By Ikrame Chibani
By Ikrame Chibani
Rabat – Growing up as a female in Morocco, I, as any other person of my age, developed the habit to take some aspects of Moroccan culture for granted. Even worse, at some age I realized that I started adopting the very same practices of this culture, knowing that consciously I did not want to adhere to them. In a sense, that is how some Moroccans perceive of things; they would condemn a specific saying or an act, yet, in real-world situations they would ironically put forward some arguments they would not support had they been in other situations. This discrepancy, along with others, manifests itself as a strong basis of Moroccan popular culture.
Given the fact that family and women constitute the kernel of Moroccan society at large, women have long been the focus of every single family. Thus far, things seem quite neat; as a case in point, if a girl goes in the streets smoking, she will be looked down upon and chances are she will receive some very abusive comments in the streets simply because she is a female. However, the reaction would be very different for a male. No one would seem to care: those are the norms and they have not been breached, as long as it is a male. My point here is not that females should be allowed to smoke in the streets. Rather, if both genders do the same thing, why would they be looked upon differently?
The neighbours, or more generally, society, are a crucial component of Moroccan identity.
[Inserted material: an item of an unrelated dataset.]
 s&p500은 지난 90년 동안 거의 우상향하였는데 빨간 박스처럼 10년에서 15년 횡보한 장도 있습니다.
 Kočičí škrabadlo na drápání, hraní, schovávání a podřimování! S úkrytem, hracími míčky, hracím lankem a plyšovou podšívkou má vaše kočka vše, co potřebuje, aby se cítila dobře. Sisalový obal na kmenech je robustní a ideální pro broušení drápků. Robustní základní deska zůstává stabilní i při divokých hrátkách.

As a matter of fact, the individual’s behaviours and attitudes are contingent upon what his or her surroundings think of him or her. We Moroccans are known to be very talkative. When two people (very likely to be women) suddenly meet in the neighbourhood, they greet each other and stay for a chat that may last for hours, saying nothing of importance but gossiping. Some people, unfortunately, attempt to live on the aspirations of others. However, it is impossible to have each member of society content with everyone’s beliefs, actions, or thoughts.
Another aspect that reflects patriarchal superiority is when a couple is about to marry. In such circumstances, the girl considers the opinion of her mother or relatives on the groom. Most of them, if not all, would agree upon the Moroccan aphorism that alleges that there is nothing to be disgraced about a man but his financial situation. Nevertheless, had it been the other way around, chances are that the groom’s family would question the bride’s past, background, family, and so forth. Being that, women symbolize honour, dignity, and, interestingly enough, they are the ones who incarnate the family reputation.
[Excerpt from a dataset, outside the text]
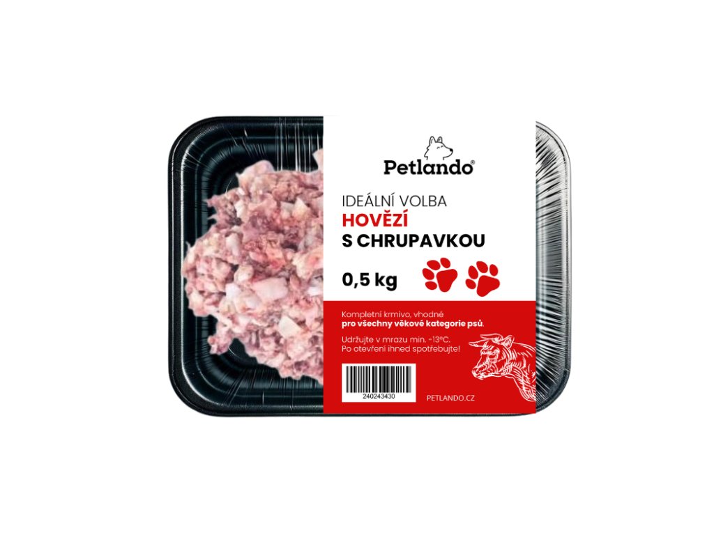 Hovězí maso z české farmy balené v praktické vaničce 0.5 kg, kterou po rozmrazení můžete ihned podávat vašemu psímu parťákovi, bez nutnosti další misky. Doporučujeme doplnit krmnou dávku o vitamíny:

One of the very notorious concepts in the Moroccan society is “Hshouma”, or a parent’s ability to stop their child from doing something that should be avoided. Take, for instance, a mother joined by her child to a wedding party. It is obvious that children are very impulsive and full of energy, especially when they meet children of their age. At this moment, the mother would be yell at her child, asking him or her to behave better, lest the invitees think of the child as an unruly child. This suppresses the child’s inner psychological needs to discover, interact, and play.
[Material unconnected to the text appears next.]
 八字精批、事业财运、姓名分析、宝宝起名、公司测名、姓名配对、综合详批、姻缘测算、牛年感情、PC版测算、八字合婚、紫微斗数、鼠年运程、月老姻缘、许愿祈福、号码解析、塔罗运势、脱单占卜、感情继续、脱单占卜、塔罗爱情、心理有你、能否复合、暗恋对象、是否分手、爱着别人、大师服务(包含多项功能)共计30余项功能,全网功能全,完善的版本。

Some of the social conventions of Moroccan popular culture are to be thoroughly revisited. What should be emphasized here is that we as the future generation should fervently attempt to amend or in some cases cease some of these practices that should have nothing to do with our culture, nor religious affiliation. As Antonio Gramsci rightly holds in A Glossary of Cultural Theory: “Common sense penetrates deeply within the mental life of a society but it is not unchanging. It is the task of the intellectuals to criticise the chaotic aggregate of disparate conceptions comprising common sense and so instil new popular beliefs… a new common sense and with it a new culture and a new philosophy.”